The “Life Skill” Argument, And Why It Still Matters

Riesmeyer didn’t let the report end on “kids these days,” because he clearly thinks there’s a long-term risk in delaying licenses too much.

He said it straight: unless you plan to live in a handful of major cities for your whole life, you’re going to need to know how to drive, because it’s still a life skill.

That’s the part of the segment that felt less like comedy and more like advice, and I think he’s right. Even in a world of ride-shares and delivery services, there are moments where you simply need to be able to drive – job opportunities, family emergencies, picking up a sick kid, evacuations, moving, traveling, even just living somewhere that doesn’t have reliable public transit.

Depending on apps for every ride also creates a weird kind of vulnerability. If your phone dies, if prices surge, if you’re in an area with no drivers nearby, or if you’re stranded late at night, suddenly that “convenience” turns into a trap door.

And there’s another layer here that the segment hinted at without fully spelling out: confidence. Driving is one of those skills that builds the sense that you can handle the world, because it forces you to make decisions in real time and deal with consequences.

When that gets delayed, people don’t just delay a license; they sometimes delay a certain kind of adulthood, where you can’t always tap your way out of discomfort.

When Driving Anxiety Isn’t A Teen Thing

One of the most memorable parts of the KTLA discussion came when Mark Kriski shared a story about seeing a woman at a gas station crying because she was scared – she was from a small town, had rented a car, and said she couldn’t do it.

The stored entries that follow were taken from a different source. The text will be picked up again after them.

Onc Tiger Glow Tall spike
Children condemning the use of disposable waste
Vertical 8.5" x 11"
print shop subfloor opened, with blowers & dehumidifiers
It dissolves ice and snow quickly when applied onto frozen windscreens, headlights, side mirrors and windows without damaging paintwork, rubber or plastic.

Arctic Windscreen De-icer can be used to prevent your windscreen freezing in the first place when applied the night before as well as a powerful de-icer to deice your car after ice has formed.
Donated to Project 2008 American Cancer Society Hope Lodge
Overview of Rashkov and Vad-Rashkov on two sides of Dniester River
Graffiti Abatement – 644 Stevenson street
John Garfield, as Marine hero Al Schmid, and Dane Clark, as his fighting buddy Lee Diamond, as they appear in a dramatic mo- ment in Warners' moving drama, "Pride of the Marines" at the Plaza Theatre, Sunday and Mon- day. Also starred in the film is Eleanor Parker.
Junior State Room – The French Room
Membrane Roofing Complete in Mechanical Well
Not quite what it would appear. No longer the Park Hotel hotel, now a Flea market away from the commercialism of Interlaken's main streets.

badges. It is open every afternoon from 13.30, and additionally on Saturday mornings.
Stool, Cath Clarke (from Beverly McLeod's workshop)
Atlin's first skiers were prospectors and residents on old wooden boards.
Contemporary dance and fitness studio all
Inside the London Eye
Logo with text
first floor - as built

That story matters because it supports Riesmeyer’s main theme: fear isn’t limited to teenagers. Driving anxiety is real, and it can hit people of any age when they’re thrown into a big, fast, unfamiliar environment.

And to be fair, that fear isn’t irrational. A car is one of the only everyday tools that can kill you quickly if you make a mistake, and the older you get, the more you realize how many drivers around you are distracted, angry, or both.

So when Gen-Z says “I’m scared,” the grown-up response probably shouldn’t be to mock them. It should be to ask: scared of what, exactly? The speed? The traffic? The consequences? The embarrassment of messing up? The fear of other drivers? Because those are solvable problems, but only if people treat them as real.

A Different Kind Of Teenage “Rebellion”

If you zoom out, Riesmeyer’s segment makes Gen-Z’s license delay look less like apathy and more like a different kind of rebellion – one built around risk management.

A Different Kind Of Teenage “Rebellion”
Image Credit: Survival World

Older generations chased the keys because keys meant independence. Gen-Z has grown up watching the downside of cars in high definition, with crash footage, road rage clips, and stories of distracted driving constantly floating through social feeds, and it makes sense that some of them internalize the idea that driving is danger first, freedom second.

And when you layer that fear on top of high insurance costs and the availability of Uber and constant parental driving, the old motivation collapses.

The most honest takeaway from Riesmeyer’s reporting is that Gen-Z isn’t refusing to drive because they’re “too cool.” They’re delaying because driving no longer sits in the same emotional category it used to sit in.

It used to be a prize. Now, for a lot of them, it looks like a stressful responsibility they can postpone – and in the short term, the modern world actually lets them get away with it.

But Riesmeyer’s warning hangs there at the end: sooner or later, most people still need this skill, and the longer you wait, the harder it can feel to start.

So maybe the real story isn’t “Gen-Z doesn’t want licenses.” It’s that a whole generation has been handed a road system, a cost structure, and a culture that makes the driver’s seat feel less like freedom and more like pressure – and they’re reacting exactly the way a cautious human being would.